Monday, December 3, 2012
From the Projects to the Suburbs
Last week i was down at my favorite watering hole, the one with the great jukebox situated a stones throw from the ghetto, it was a slow night and as i do on many nights when i actually leave the house i sat drinking by myself and gazing out the window while the smoke filled the air around me, it was one of those rare nights when the juke wasn't crammed with tunes and someone kept playing Elvis and the Stones and in particular this song, in fact i think it was played three times in about an hour and then i realized it was being played by these two guys who looked like they missed the turn to the swanky neighborhood a few hoods over and figured they'd stop in the first place they saw, now of course i don't mind when the Country Club set show up in my bar but at least have the fucking courtesy to be a decent human being about shit...

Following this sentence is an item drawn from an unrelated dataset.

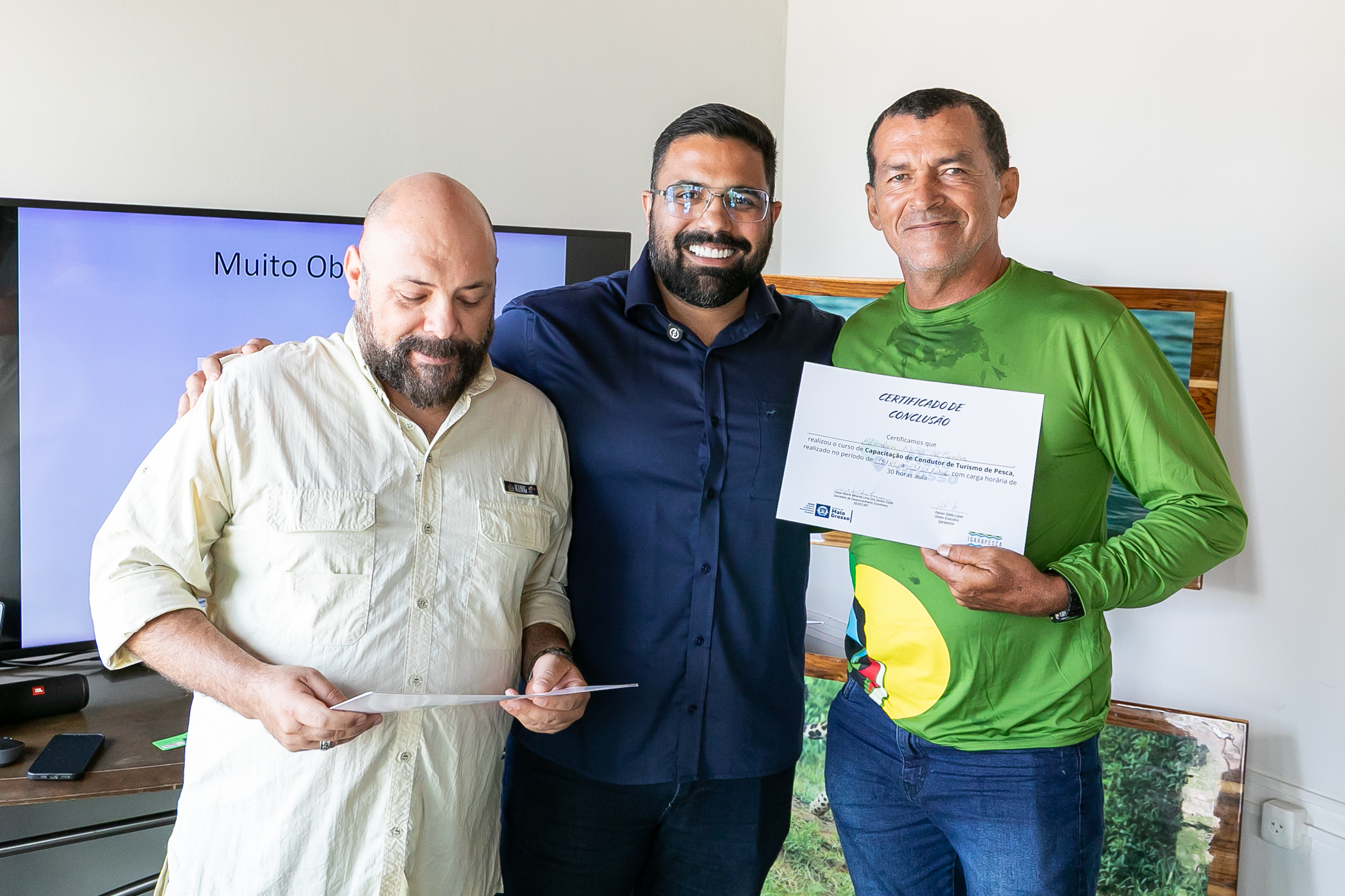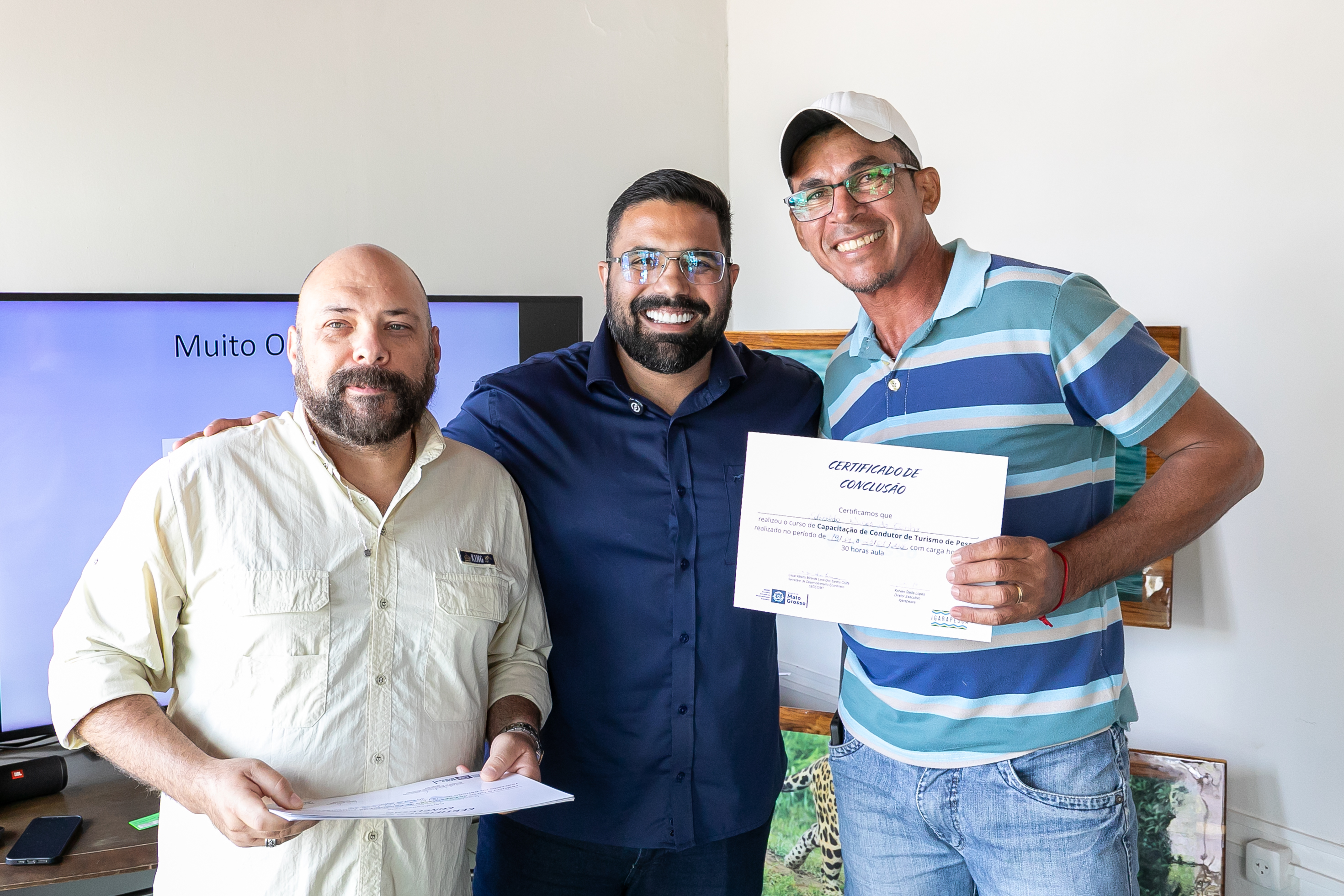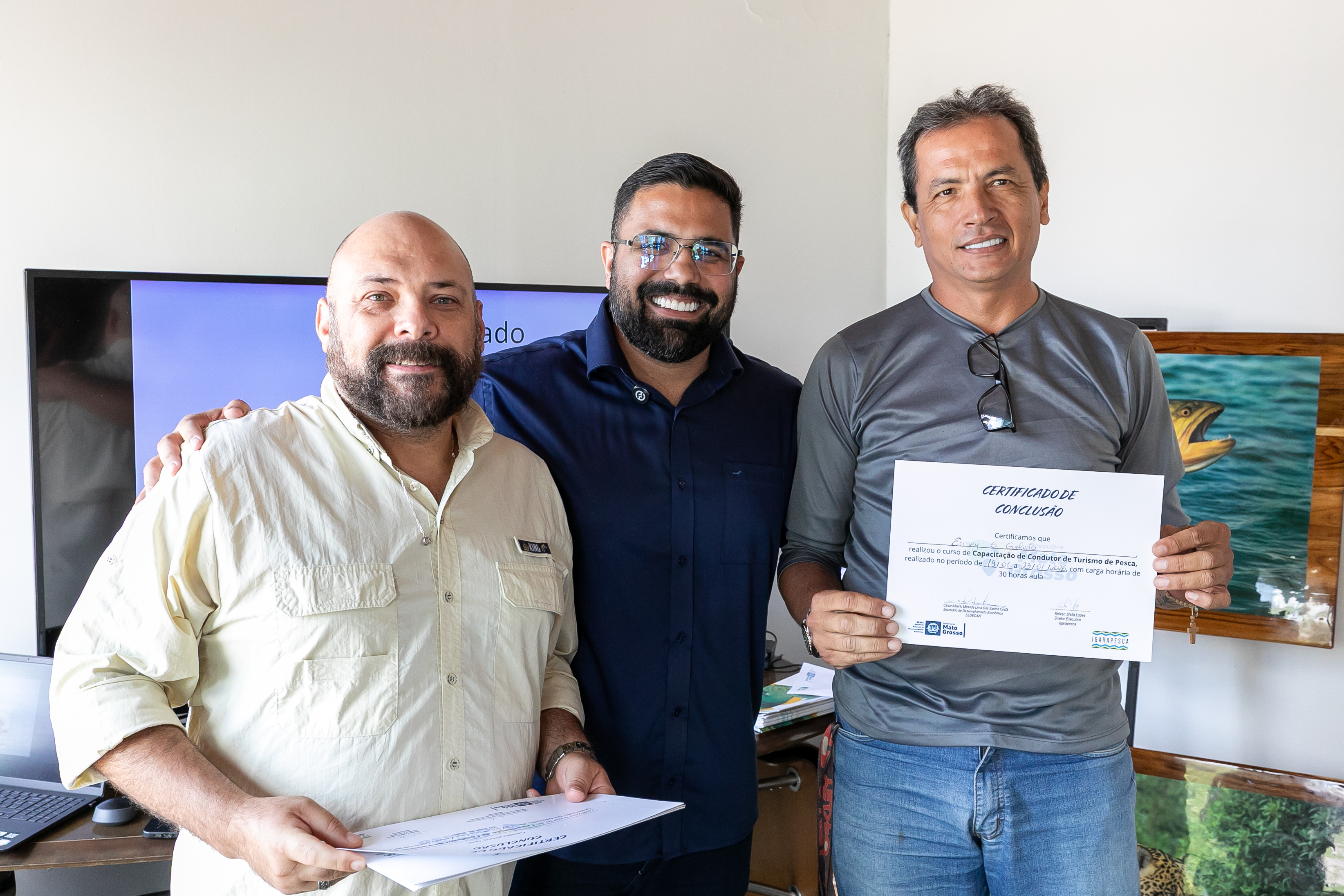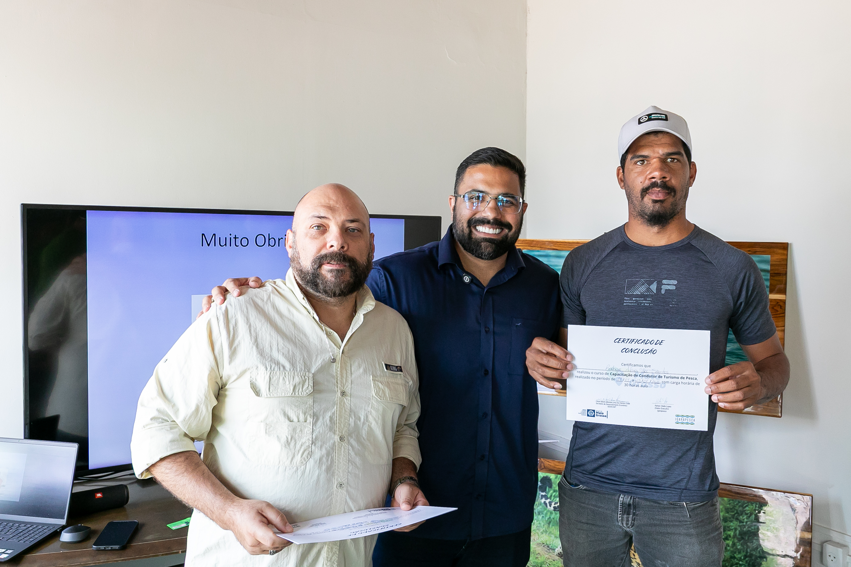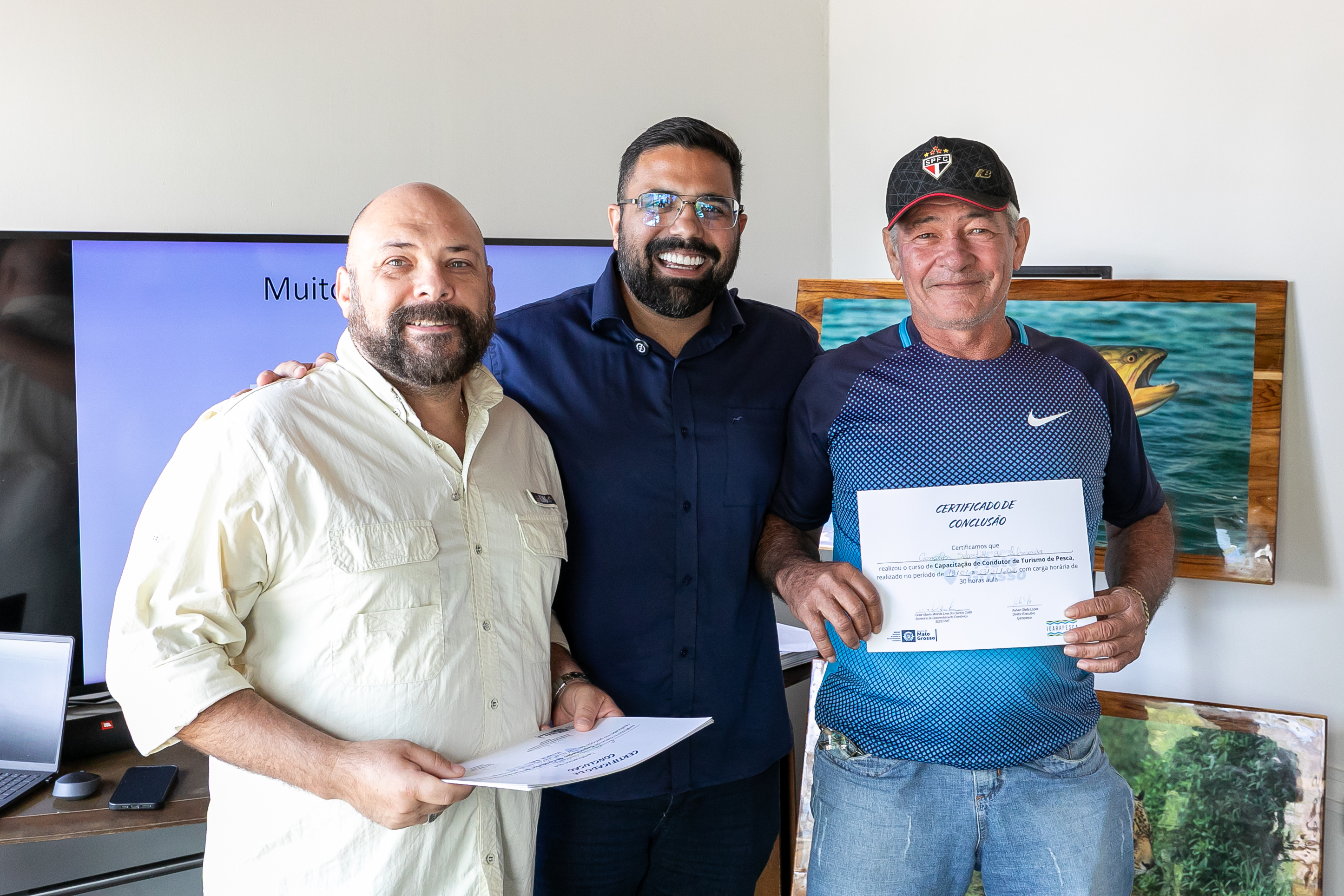 A capacitação em Condução de Pesca Esportiva foi concluída na manhã desta sexta-feira (23), na sede da Secretaria Municipal de Desenvolvimento Econômico, Trabalho, Turismo e Agricultura (SDTA), marcando um avanço importante para o fortalecimento do turismo sustentável em Cuiabá. A formação contou com aula prática realizada na Marina Sérgio Motta, sob a ponte de mesmo nome, às margens do Rio Cuiabá, no bairro Praeirinho, aproximando os participantes do ambiente real de atuação profissional.
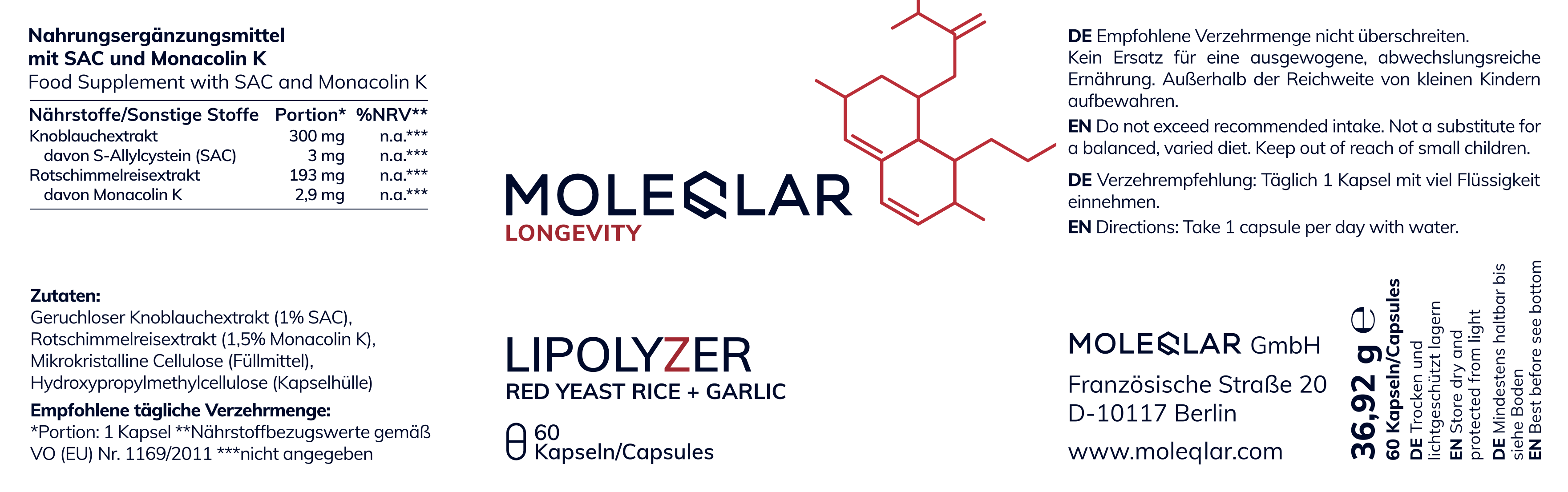 - 2,9 mg Monacolin K und 3 mg S-Allyl-Cystein (SAC) pro Kapsel

You see it started when this young punk girl played Buzzcocks and Twat A, who had been playing Elvis and the Stones, went off on this loud diatribe how there is no other music than E and the Stones and how this music was shit and fuck everything else and this is all for fucking asshole kids (i had earlier played the Bowie's Five Years, the Replacements - Waitress in the Sky and the Pogues - Fairytale of New York cuz hell it is the holidays now) of course i didn't want to point out that this song was likely out before his dumb ass even fell out of the womb but i kept my mouth shut as his buddy, Twat B, asked the bartender is she knew how to pour a Guinness, now the Guinness in this place is notoriously bad but once again i kept my mouth shut as i threw back bottle after bottle of Newcastle Brown cuz if Twat B had the nerve to ask a question like that i'd figured i'd let him find out on his own, but as i sat there and listened to Twat A pontificate on anything and everything he began to piss me off and when his friend suddenly went to the pisser i found myself glaring at him from a few seats down and he met my gaze and held it for a few uncomfortable (for him) seconds and then turned the other way which was quite disappointing cuz i was looking for any excuse to smash his fucking mug off the bar... and then his friend came back and he whispered something and Twat B tried not to make it obvious but took a good look at me and then turned back as i ordered another beer, then he turned back again and said hello to which i grunted and then i stood and stretched to my full height and went to take a piss myself and low and behold by the time i got back they were gone... which was a shame cuz Twat A had it coming but i think he thought better of it, don't play the hard man if you ain't up for it and though i don't really like to play that way now and then i get myself into trouble, but really the cunt was drinking Miller Lite by choice, he was gonna get that can fed to him but fuck all that what was this post about again? oh yeah, my old man...
You see before i wanted to throttle Twat A i was sitting there and listening to Elvis Aron Presley do his thing and getting all misty-eyed thinking about me Dad, Pops as he's know to those closest to him, see my old man was raised in the projects on the West Side of Cleveland, i never asked why but i can only assume it was til his old man had made some money to move them to a better place and they may have stayed longer cuz grand-dad liked to drink his paycheck sometimes and so i was amazed when i saw these tiny places that he and his older brother and parents lived in for a few years, both my paternal grandparents where from outside Memphis, Tennessee and it was there that my dad would spend his summers when he was a kid, returning to Cleveland for school when the time came, as far as i know they were the only members of their family to leave Western Tennessee, the rest are still there above ground or below...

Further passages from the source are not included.